Hello again! Rare snowy owl spotted this morning in Kitty Hawk

Snowy owl perched on a pickup trucks equipment rack along the Beach Road at mile post 4 in Kitty Hawk on Jan. 19, 2022. [photo courtesy Connie Marcy]

It’s the rarest of feathered visitors to the Outer Banks, the Ocracoke Observer’s Peter Vankevich wrote a few years ago, and for a second straight January another one has returned. A snowy owl, far out if its normal northern range, was spotted this morning in Kitty Hawk.

Connie Marcy was staying at her family’s house, “McGee’s Sea Dream” at mile post 4 on the Beach Road when her niece Lexy’s 5-year-old son spotted the snowy owl sitting on the equipment rack on their next door neighbor’s pickup truck.

“I took one picture from the middle deck of the house and Lexy took the other one from her car window,” Marcy said. “They were almost late to school because of it! We felt really blessed to see it!”

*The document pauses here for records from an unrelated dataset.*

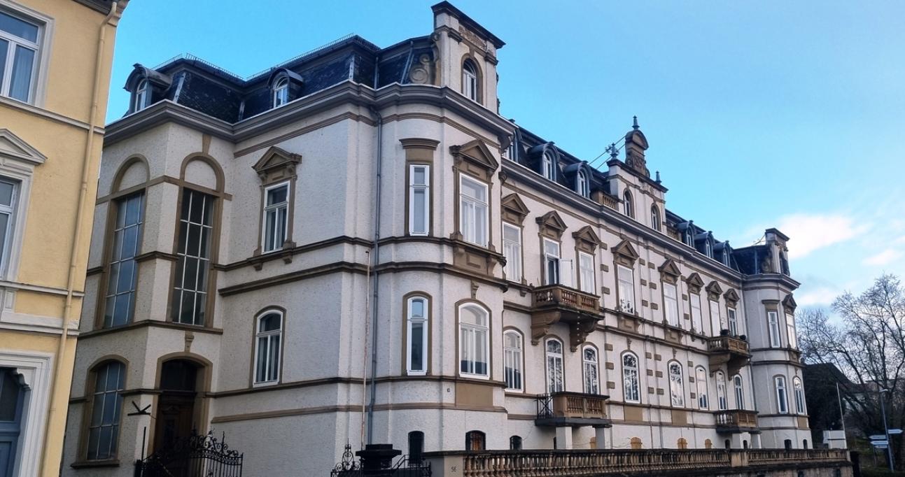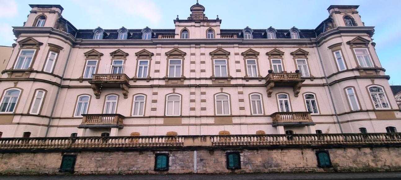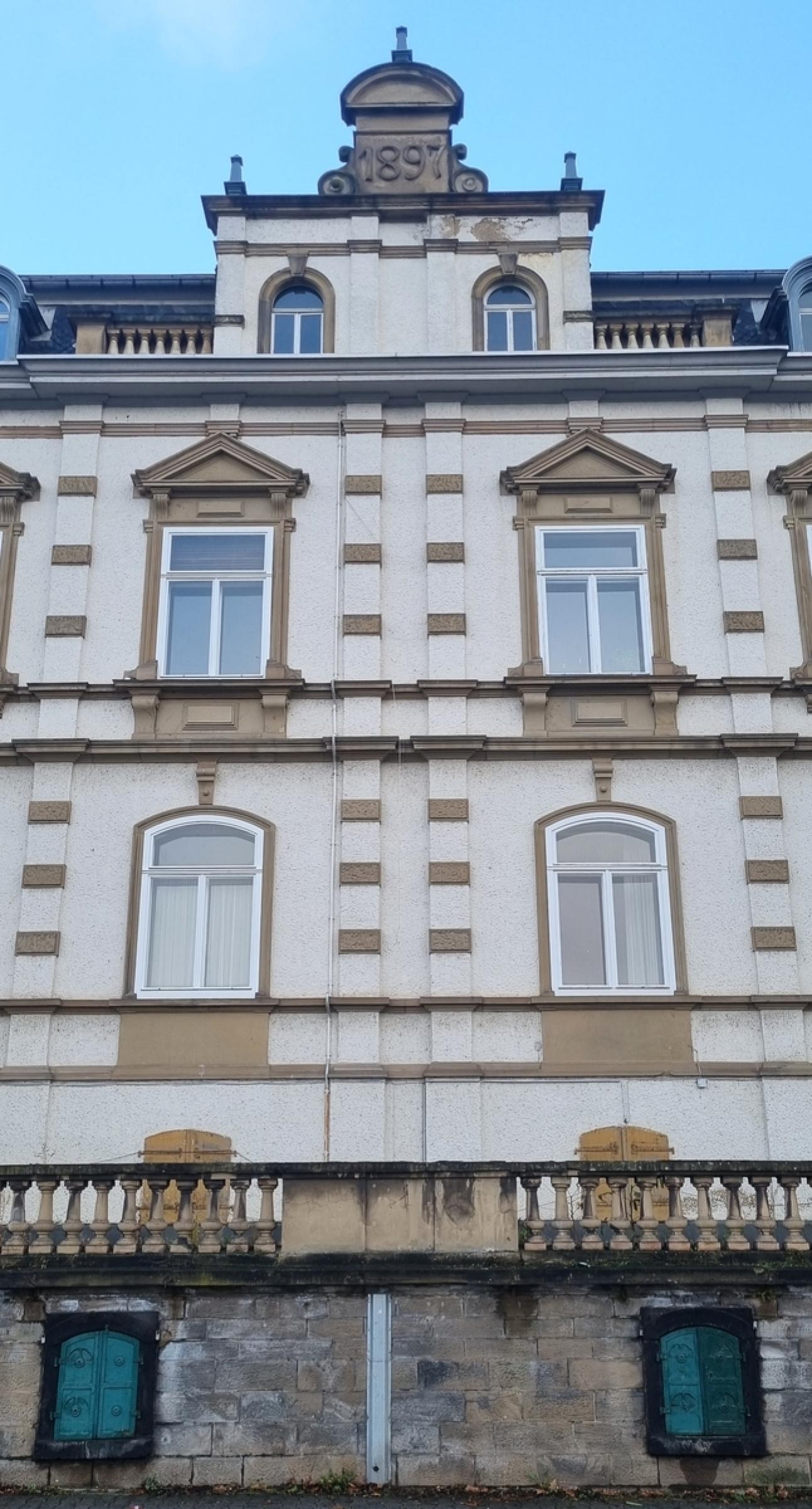 Das strassenbildprägende und beeindruckende Gebäude wurde 1897 erbaut und steht unter Denkmalschutz. Und es steht in unmittelbarer Nähe zur stark frequentierten Bundesbahnstrecke. Somit wurde auch dieses Denkmal in das "Lärmsanierungsprogramm an Schienenwegen des Bundes" aufgenommen und es wurden neue Fenster der Schallschutzklasse 4 bezuschußt. Allerdings kam eine Erneuerung der überwiegend noch bauzeitlichen, einfachverglasten Fenster für das Landesamt für Denkmalpflege nicht in Frage. Eine andere, denkmalverträgliche Lösung als der totale Substanzverlust historischer Bauteile musste gefunden werden. Der Vorschlag von PaX, die historischen Fenster komplett zu restaurieren und mit einer umlaufenden Dichtung zu versehen und diese Fenster - so wie es schon historisch teilweise umgesetzt wurde, durch auswärts öffnende, einfachverglaste Vorsatzfenster zu ergänzen, wurde dankend aufgenommen. Für diese Konstruktion konnte ein Gutachten die Schallschutzklasse 4 belegen und somit war die Kombination aus Erhalt und denkmalgerechter Ergänzung voll förderfähig. Die nicht bauzeitlichen Gaubenfenster wurden bei der Sanierungsmaßnahme gegen neue Isolierglasfenster mit 58mm Bauteiltiefe, der Schallschutzklasse 4 und sehr schmalen Ansichtsbreiten ersetzt. Jetzt präsentiert sich das Fassadenbild wieder sehr schlüssig und für heutige Vorstellungen vor allem erfrischend unkonventionell - wann haben Sie das letzte Mal ein solches Vorkommen auswärts öffnender, fassadenbündiger Vorsatzfenster gesehen?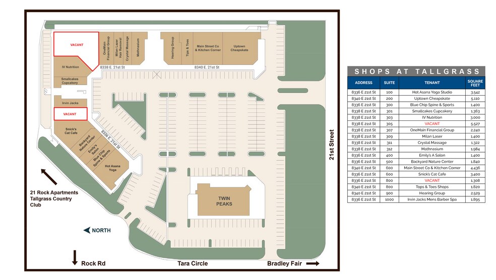 - Situé à l'est de Rock Road sur la 21st St. N - 2023 NNN Estimation 8,25$ /pip - Nombre de trafic : 43 326 VPD à 21st & Rock - Voisins de grandes boîtes de vente au détail telles que Dillion's, Trader Joe's, Best Buy et Bradley Fair Development, qui comprend Pottery Barn et Barns & Noble, tous qui créent une synergie de vente au détail !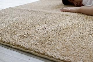 ボリュームのある手触り・足心地のレーヴ。リッチなタッチで高級感もあり足音が響きにくく、触ると手が埋まってしまうボリューム感は素足で歩きたくなる1枚。

Snowy owl perched on a pickup truck’s equipment rack along the Beach Road at mile post 4 in Kitty Hawk on Jan. 19, 2022. [photo courtesy Connie Marcy]

Snowy owls generally live in the far north near the North Pole, and winter in southern Canada and the northern United States. About every four years they travel south well outside their normal range in a phenomena called “irruption,” the U.S. Fish and Wildlife Service says.

For reasons not understood, snowy owls have been “irrupting” more often in recent years. In fact, a few spent several winters on Ocracoke Island and were spotted around Cape Hatteras between 2014 and 2017, with their time here well documented by the the Ocracoke Observer.

Then last year, there were multiple well documented sightings from Pea Island National Wildlife Refuge to Ocracoke to Cape Lookout National Seashore well into March.

Since their normal range is far north and there are far fewer people living nearby, the snowy owl isn’t really used to seeing us. But humans flock for a rare sighting of the beautiful white bird when one is around. We, however, need to give the owl distance and respect.

But with this latest sighting, we expect there will likely be more cool photos and videos in the coming weeks.